Your clients live at the bottom of a hill, and water drains naturally down the hill to their property. The city has no responsibility for any of the claims that they have made. Therefore, we are denying your claim and look forward to establishing our position in the litigation of this matter.” 

Karr, Jr., said based on the upfront costs of the case he would not represent them. In a letter to Leep and three other families, including Van Ford, Karr, Jr., stated the decision to withdraw representation “should not be interpreted as a decision based on the merits of the case.” 

As a result of Leep and his neighbors pursuing litigation, the City of Huntington said they cannot comment beyond the following: 

“The City of Huntington contends there is no actual evidence that suggests any action of the City has contributed to the cause of the slope failure above Mr. Leep‘s residence. The Huntington Water Quality Board has had a preliminary engineering report prepared by Potesta Engineers and Environmental Consultants. It is this firm’s opinion that the closure of Belmont Drive by the city approximately seven years ago has not contributed in anyway to causing the slope failures the report attribute the causative agents of the slope failures to the nature of the soil and steepness of the slope.” 

WOWK TV asked the City for a copy of the engineering report by Potesta, but was denied. 

According to city council minutes from June 27, 2011, the city purchased a home owned by Ruby Lawhorn that was only accessible by Belmont Drive. In those minutes, Public Works Director David Hagley gave council members information, including briefing notes and an engineering report, stating “landslide(s)” blocked access to the home. The minutes also stated, “there are other landslides that could affect the area in the future.”

In the briefing notes titled “Road Slide Brief at Belmont Drive,” it states there were three slides, the first being reported in April of 2011. Two more slides happened after that. The first slide was “90 feet long and runs downhill about 40 feet to 50 feet,” cutting off access to the home at the end, according to the briefing notes. The second slide was reported to be “20 feet long and runs downhill approximately 30 feet and is about 10 yards from Giger Street.” The notes list the third slide as “about 20 feet long and coming down onto Belmont Drive this is about 40 yards uphill from Giger Street.” It’s also noted there was “slide on Giger Street, near the intersection with Belmont Drive, which has shut down a section of Giger Street.” 

According to media reports the landslides began after a period of heavy rain in April of 2011. The city closed Belmont Drive after the slides were reported. Ruby Lawhorn lived in the home at the time was relocated to a hotel paid for by the city. According to briefing notes, the cost for hotel expenses were $1,000 per week. 

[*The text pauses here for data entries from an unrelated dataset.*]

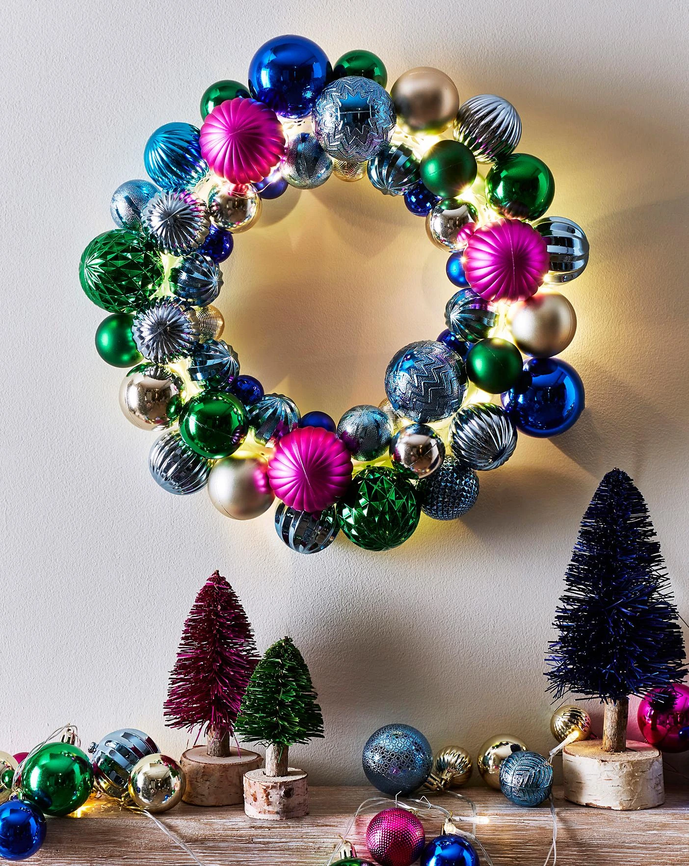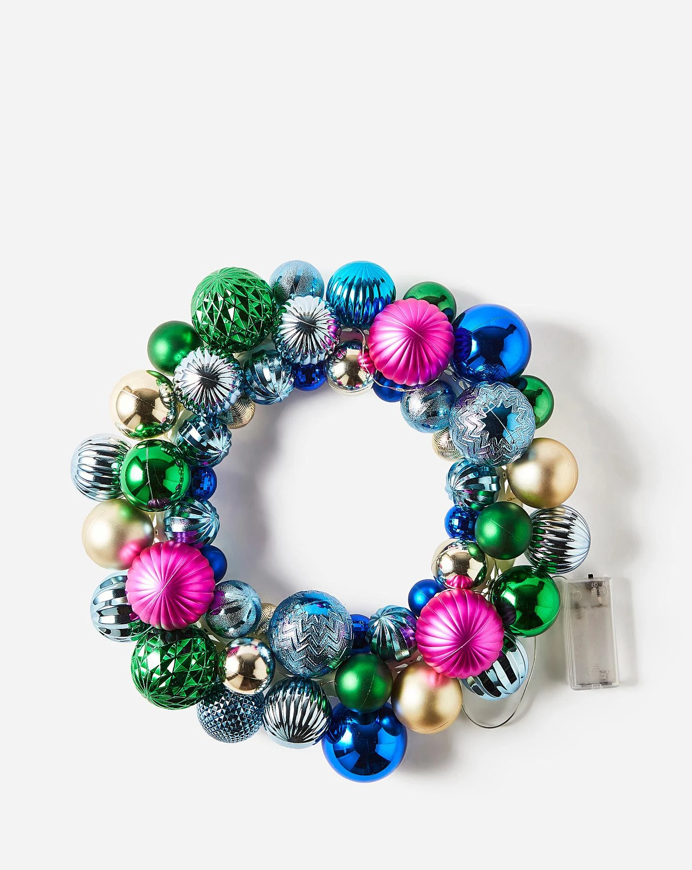 Multicolour Lit Bauble Wreath is made from mild steel and plastic. This set has mixed design baubles in a bold multicolour finish. Suitable for indoor use and requires X2 AA batteries which are not included. Wipe clean with a soft dry cloth.
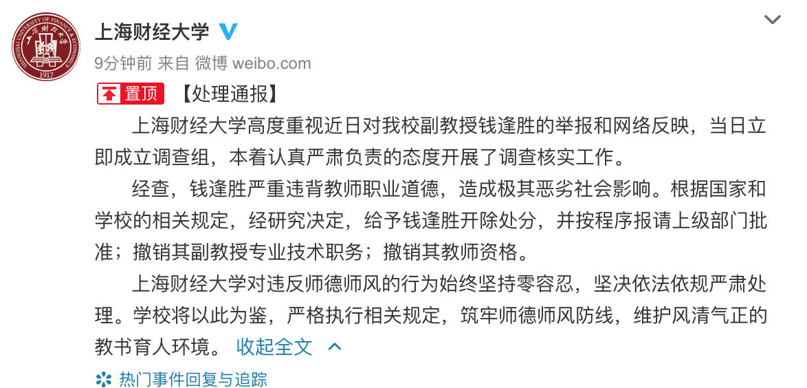 当天晚间,上海财经大学官方微博发布声明,称关于网上呈现有关钱某的师德师风问题信息,已建立查询组,打开查询作业,“一旦查实,将依法依规严肃处理”。3日后,上海财经大学作出开除处置。
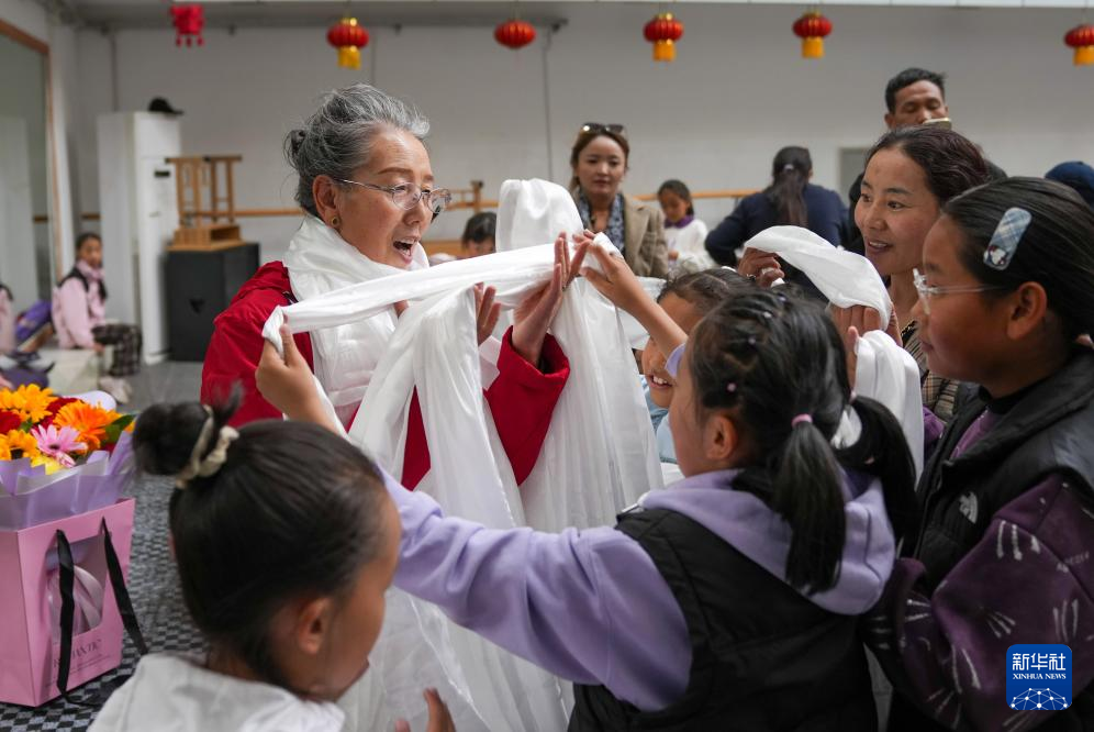 周末的西藏自治區(qū)群藝館藏戲少兒班里,巴桑奶奶在教授孩子們藏戲唱腔和身段。因?yàn)榕d趣班是周末上課,錯(cuò)過了教師節(jié),孩子們?yōu)榘蜕D棠虦?zhǔn)備了鮮花和哈達(dá),送上遲到的節(jié)日祝福。
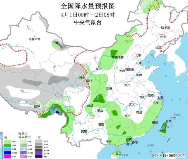 明天開始,大范圍雨雪將鋪展開來,內蒙古河套地區、西藏東部、西北地區東部、華北南部和西部、黃淮西部、江漢、江南北部、西南地區東北部等地部分地區有中到大雨,其中,河南南部、湖北北部和南部、湖南北部等地部分地區有暴雨或大暴雨。預計本輪雨雪天氣過程主要出現時段在4月2日至4日。
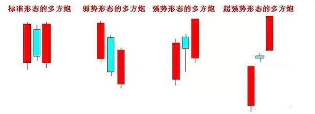 两阳夹一阴既是上涨中继信号,也是底部反转信号,技术特征主要有3点:1)它是由三根K线组合而成;2)第一天收出一个大阳线或中阳线,第二天下行收出一根实体与第一天差不多的阴线,第三天收出一根大阳线或中阳线,实现技术反包;3)两阳夹一阴存在技术变形,强势程度也不相同,如下图所示。
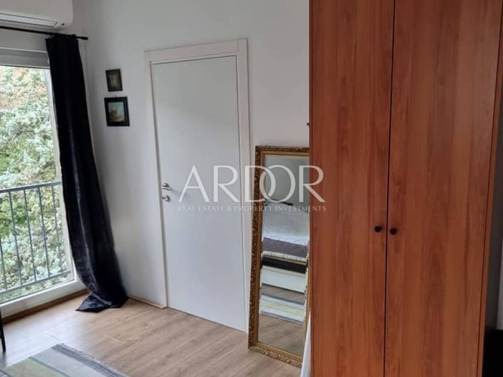 The building has two entrances, and due to the terrain configuration, the apartment is situated on the second floor from one side and on the fourth floor from the other. The apartment has a total floor area of 100 m², although it is officially registered as 70 m² due to attic regulations. It consists of a spacious living room that also serves as a dining area, a kitchen, one bedroom, a balcony, and includes one private parking space. Heating is provided via an air conditioning unit, with the option of wood heating.
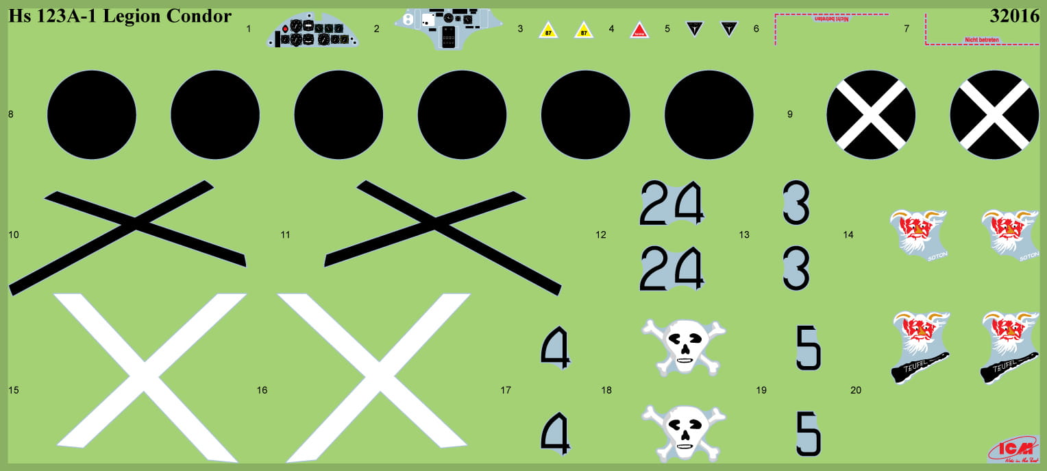 Model plastikowy do sklejania w skali 1:32, niemieckiego samolotu Henschel Hs 123A Legion Condor z okresu II wojny światowej.
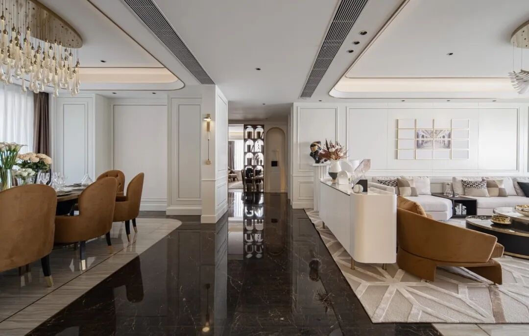 整体设计以文艺复兴为灵感基础,融入现代人对当代艺术广泛和多元化的艺术追求。设计师在文艺复兴基础上提炼法式风格为基底,将french molding的装饰板条作为主线,搭配高雅清幽的白色基调,恰到好处的的艺术品点缀其中。法式美学和复古优雅的高雅端庄浸满整个空间,感受色彩所传递的美学与精神,给人一种浓郁的古典文艺气息。无论是细节的装饰还是颜色的运用,都将整个空间打造得活力感十足。
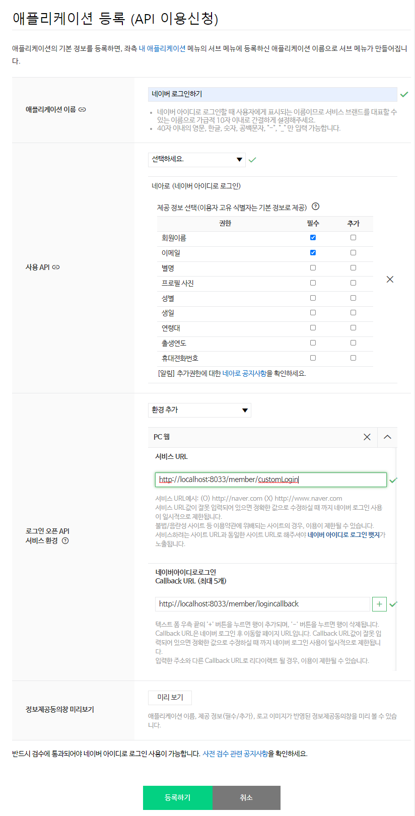 로그인 오픈 API 서비스 환경 에서 서비스 URL은 네이버로그인 을 하는 시작페이지를 넣고
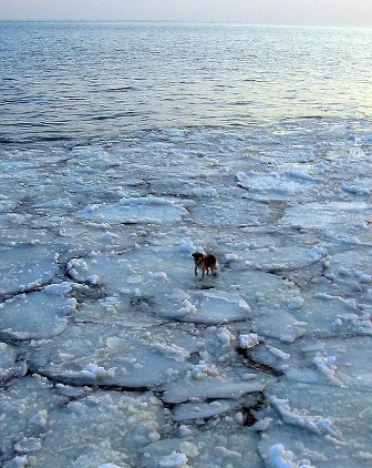 這只小狗第一次被人發(fā)現是在波蘭的格魯瓊茲(Grudziadz),河流上游40英里處。當時當地的消防人員試圖營救它,但由于它在距河岸甚遠處漂流,河中冰層又很厚,如果派出救援艇,會有翻船的危險,最終救援人員只好放棄了營救。
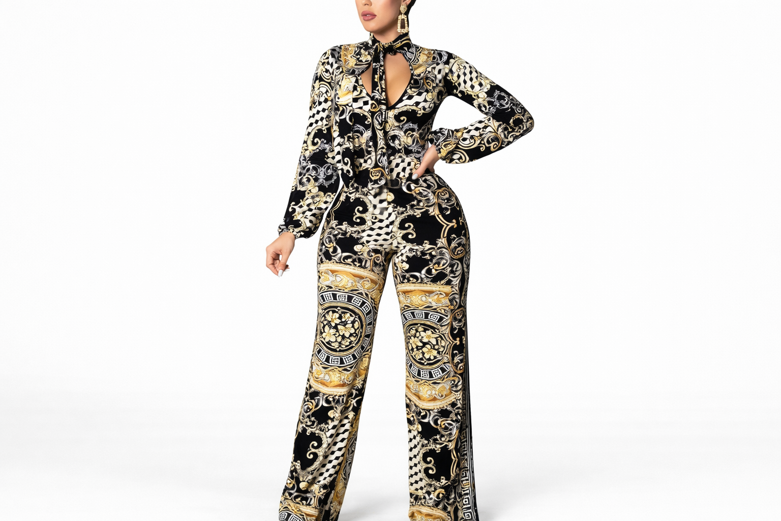 This black-and-gold baroque jumpsuit is pure statement dressing. The intricate print instantly gives high-fashion energy, while the tailored fit and wide-leg cut create a sleek, confident silhouette. Finished with a dramatic neckline and bold gold accents, it’s the kind of piece that turns heads at evening events, upscale dinners, or anywhere you want to bring unapologetic glamour into the room.
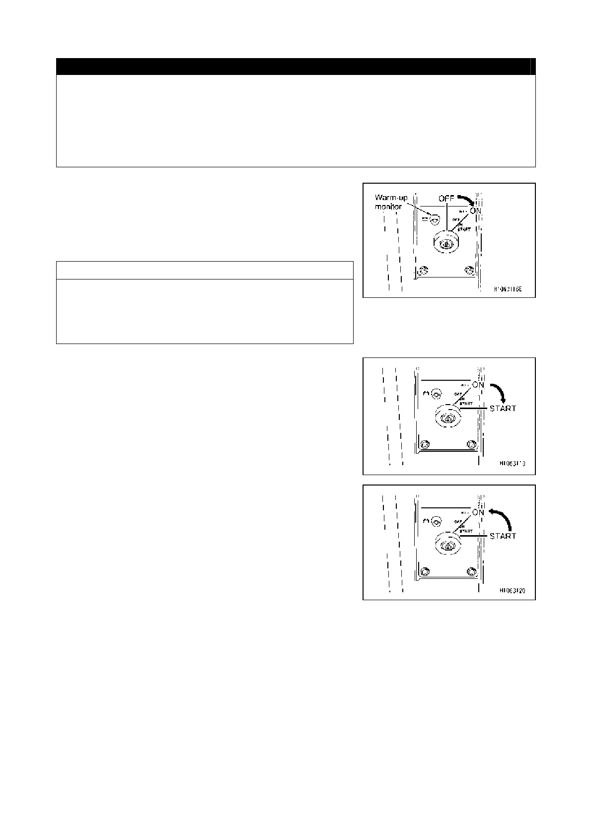 • Do not keep the starter turned for more than 5 seconds. Doing so will accelerate
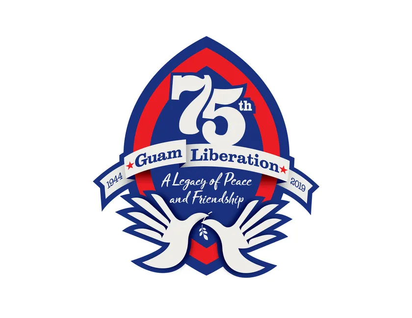 75周年を迎えるリベレーションデーのロゴはアメリカの国旗と同じ赤、青、白を使用しています。背景の盾のようなものはグアムの先住民であるチャモロ人の投石武器スリングストーンで、チャモロ人の勇気、回復力、忍耐力を表現し、現在のグアムの文化的なアイコンとなっています。「Guam Liberation」の両端にある星は、私たちの世界平和への願いや調和を示しています。ロゴの下に描かれている絵は白い鳩とオリーブの枝です。平和の象徴である鳩は永遠の平和を表します。この翼の形は広げられた手を表し、開放性、多様性を象徴しています。
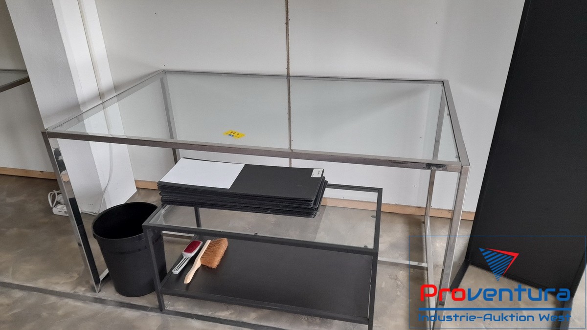 Tische, 2 St., Edelstahl- bzw. Chromgestell, Glasplatten, Größe ca. 150 bzw. 180x90 cm
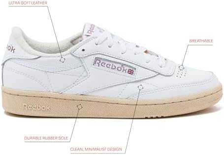 Reebok Club C 85 Vintage Tennis Sneakers for Women, Casual White Womens Shoes, Size 5 to 11 - White/Chalk/Infused Lilac, 8.5 Medium
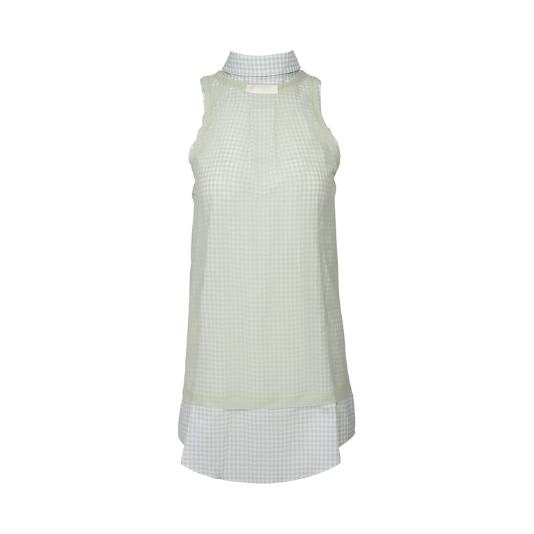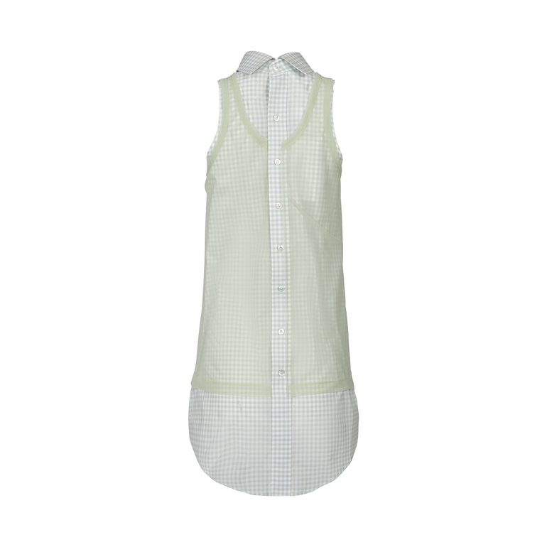 Sleeveless tank top in check motif with spread collar, A- line fit, rounded hem and back button closure.
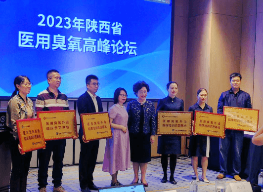 2023年5月28日,由中南大学医用臭氧研究中心主办的“2023年陕西省医用臭氧高峰论坛”在陕西省西安市浐灞喜来登酒店顺利召开,新疆医科大学附属中心医院的刘红霞教授、中南大学湘雅三医院的鲁建云教授、汉中市铁路中心医院的陈少宁教授等多位皮肤科大咖受邀参加并进行经验分享。由刘红霞教授和鲁建云教授为陕西省的七家医院进行授牌,我院皮肤科为咸阳市唯一一家被授予“医用臭氧临床培训示范基地”的单位。
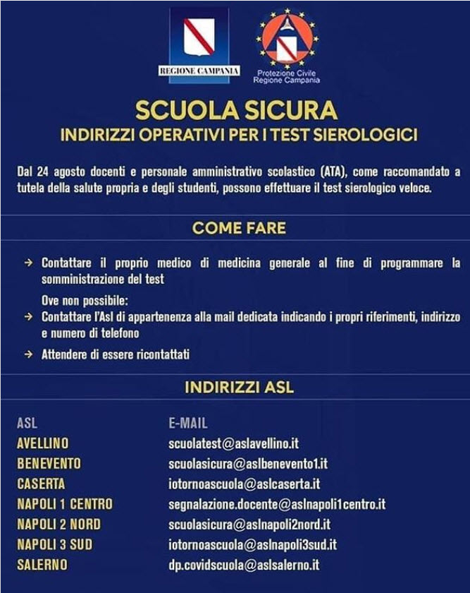 “A partire dal giorno lunedì 24 agosto il personale docente e ATA della scuola può effettuare con il proprio medico di medicina generale il test sierologico veloce.
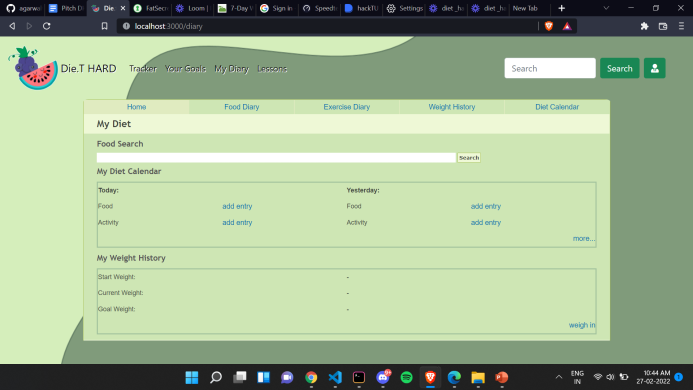 Thus, we have categorized the Indian dishes into local, regional dishes. The user can choose from a wide variety of dishes of his/her own preferred locality (Maharastrian , Kashmiri, Goan etc) and the algorithm sets up their meal plan amongst the chosen category with caloric and macronutrient constraints. We have also added a food and exercise diary where user can manually input their desired food item or exercises and which will be analysed, from which the user can track their progress anytime, daily, weekly , monthly etc …like a diary.
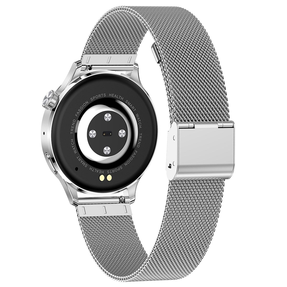 Inteligentní hodinky SB-X1 1,19 palcové, plně kulaté dotykové dámské hodinky Voděodolný sportovní náramek Připomenutí informací o podpoře / volání Bluetooth (s ocelovým/silikonovým řemínkem) – stříbrná
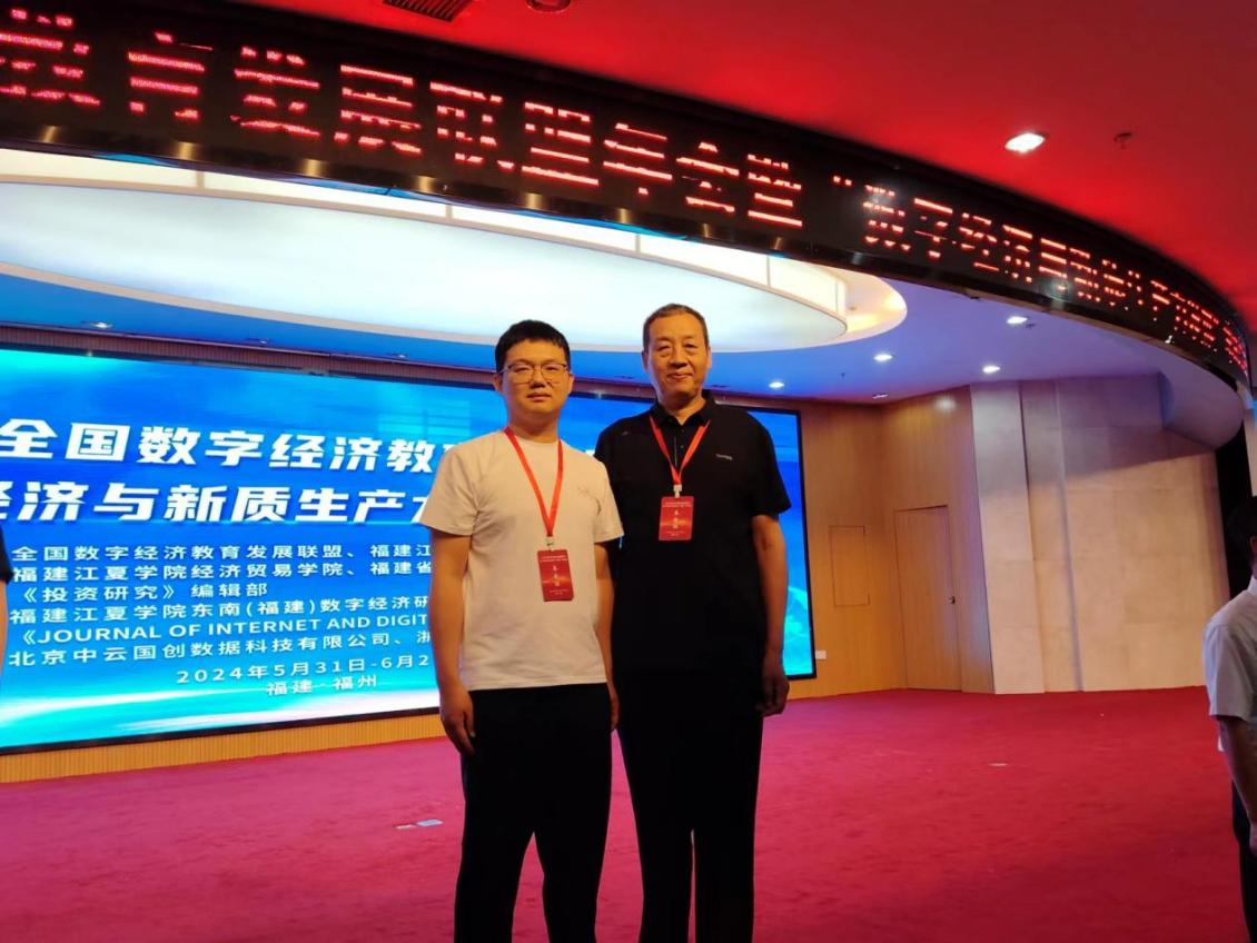 5月31日至6月2日,2024全国数字经济教育发展联盟年会暨“数字经济与新质生产力发展”学术会议在福建江夏学院召开,来自全国80多所高校,近300多位学者专家代表参会。我校BEAT365英国官网院长李光教授及BEAT365英国官网数字经济教研室主任胡海洋参加本次会议。

During the city council meeting, options were presented including repairing all the slides and making the road accessible or purchasing the home at the end of Belmont Drive. Estimates to fix the initial slide it would cost the city between $75,000 and $100,000. 

According to the briefing notes, the latter of the two options was recommended to councilmembers stating by buying the home at the end of the Belmont Road for $59,000 “more time is available to develop a plan for the slides to be repaired while not incurring additional costs from hotel accommodations” from the homeowner. 

Council approved the purchase of the home in a 5-4 vote. According to the minutes, Councilman Nate Randolf stated he “felt that the City should not have taken over this road. This is a good example showing that such actions should be very carefully considered. 

The Herald-Dispatch reported June 28, 2011, then Huntington City Attorney Scott McClure is quoted as saying this incident is unique. The newspaper report states McClure said, “I can’t predict what a judge will say in the future, but the circumstances of this particular incident are not likely to occur again.”